Wrecked at 0 Miles.



  • @Zocchi , so sorry to hear of your injury!

    Do heal up and give it another try. While you are recovering, watch some YouTube videos of others riding or teaching. Some of my favorites, for good coaching, include:

    When watching trail videos (my personal favorites), I often turn off all audio and concentrate on the rider's bio-mechanics: stance/foot position, use of hips/shoulders, balance techniques, relative height over the board, de-weighting techniques, etc. While watching, I ask myself: "Can I feel in my body what that looks like it feels like?

    Best to you as you recover and welcome to the Community!



  • alt text



  • Ouch! So sorry!



  • @Zocchi said in Wrecked at 0 Miles.:

    Boy, oh boy, do I wish I had actually taken the time to learn how to use this thing.

    Count on just slowly putting around for the first 40 miles at a minimum. Short progress can be very misleading.

    I started out on the front lawn just doing lazy laps and figure eights. Your feet are basically useless blocks of meat for the first ten miles imo. At first, you may have very little stamina and the sensations are meaningless, which is a recipe for falling. After a while you become way more comfortable just standing on the board let alone interpreting the sensations your feet are telling you. You may even be able to carve on the flats ok, but an uneven road surface will substantially alter the sensation, and there is a surprising amount of that type of situational experience to acquire while riding these things.

    Hard heel-side turns require a degree of trust in the board as well as a strong sense of balance (you're basically performing your own trust fall). I was legit intimidated by it for the first 20 miles and I'm a well-seasoned snowboarder. A complete novice would be smart to just take it REALLY slow. Wear all the gear. Never stop wearing a helmet imo.

    After you master the lawn, driveway or parking lot, then try a road or sidewalk. Traversing inclines can be kinda trippy. Just my two cents on the subject.



  • @Zocchi
    Sumo wrestler foot! Ice that down and get better soon.



  • I stepped on a onewheel first time ever in July '19. Rode in my yard for 3 days slowly, total of 8 miles. Took it on the street the 4th day. It was so much harder to ride in the grass and it prepared me for the street.

    With that said my suggestion is ride in the yard, flat mowed grass if possible for a couple days.

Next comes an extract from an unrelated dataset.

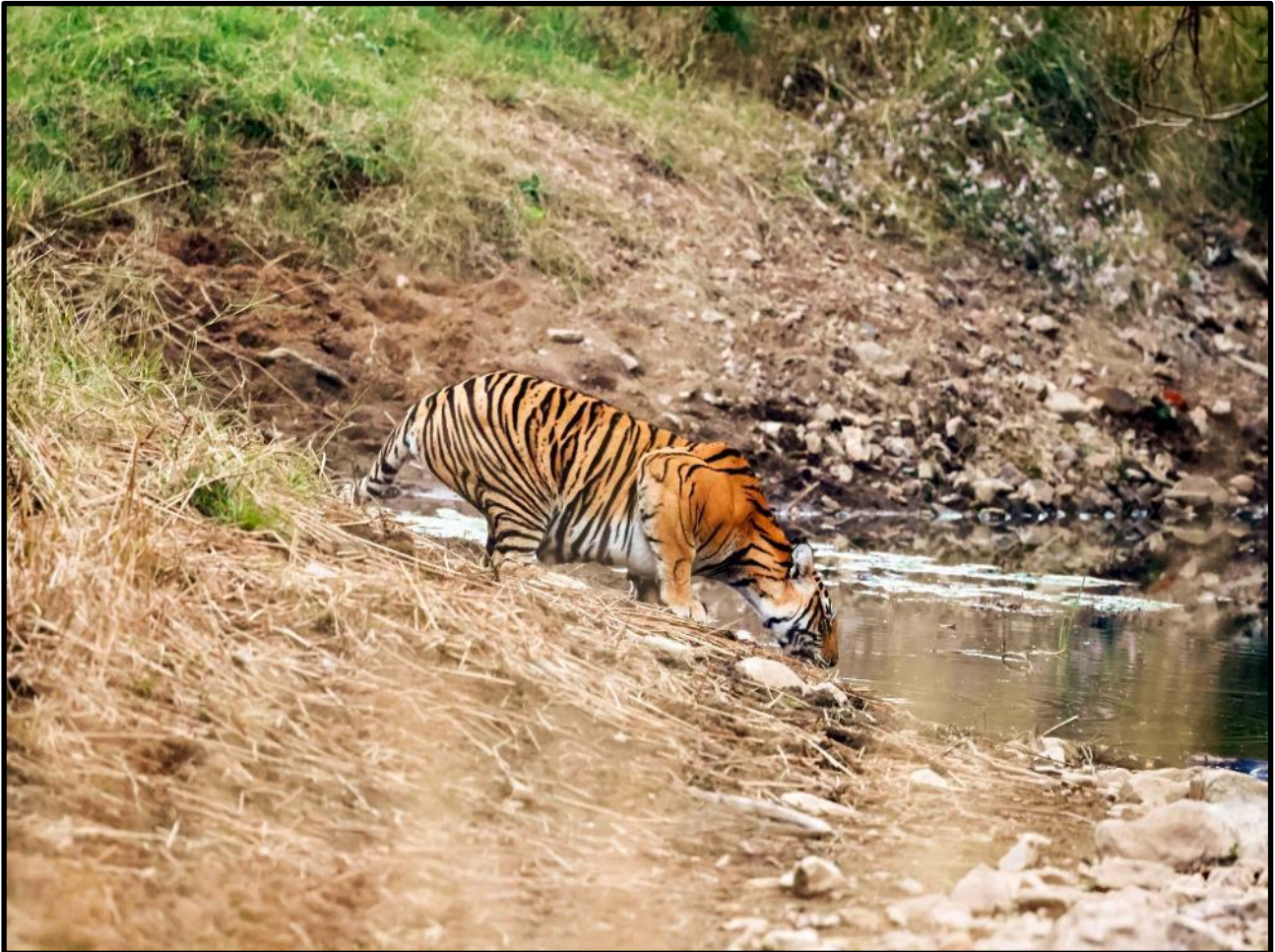
Tiger at Ranthambhore

Trip report & images compiled by Tour Leader: Stu Elsom

When you get back to the street it will seem like a breeze. Go slow and let your brain/body adapt to what your doing. Plus when you fall it's much easier on your board and body. Have fun.



  • @Senior-Coffee said in Wrecked at 0 Miles.:

    I stepped on a onewheel first time ever in July '19. Rode in my yard for 3 days slowly, total of 8 miles. Took it on the street the 4th day. It was so much harder to ride in the grass and it prepared me for the street.

    same here for me, almost exactly. i think i rode my first 10-20 miles on grass, though. after my first 3 days or so on the grass, i got brave and decided to ride home. once i hit the street, i was amazed at how smooth and easy it was. i think riding on uneven grassy surfaces helps you condition your stabilizer muscles faster, and get used to responding to unexpected bumps and knocks one way or the other.



  • @Franko said in Wrecked at 0 Miles.:

    same here for me, almost exactly. i think i rode my first 10-20 miles on grass, though. after my first 3 days or so on the grass, i got brave and decided to ride home. once i hit the street, i was amazed at how smooth and easy it was. i think riding on uneven grassy surfaces helps you condition your stabilizer muscles faster, and get used to responding to unexpected bumps and knocks one way or the other.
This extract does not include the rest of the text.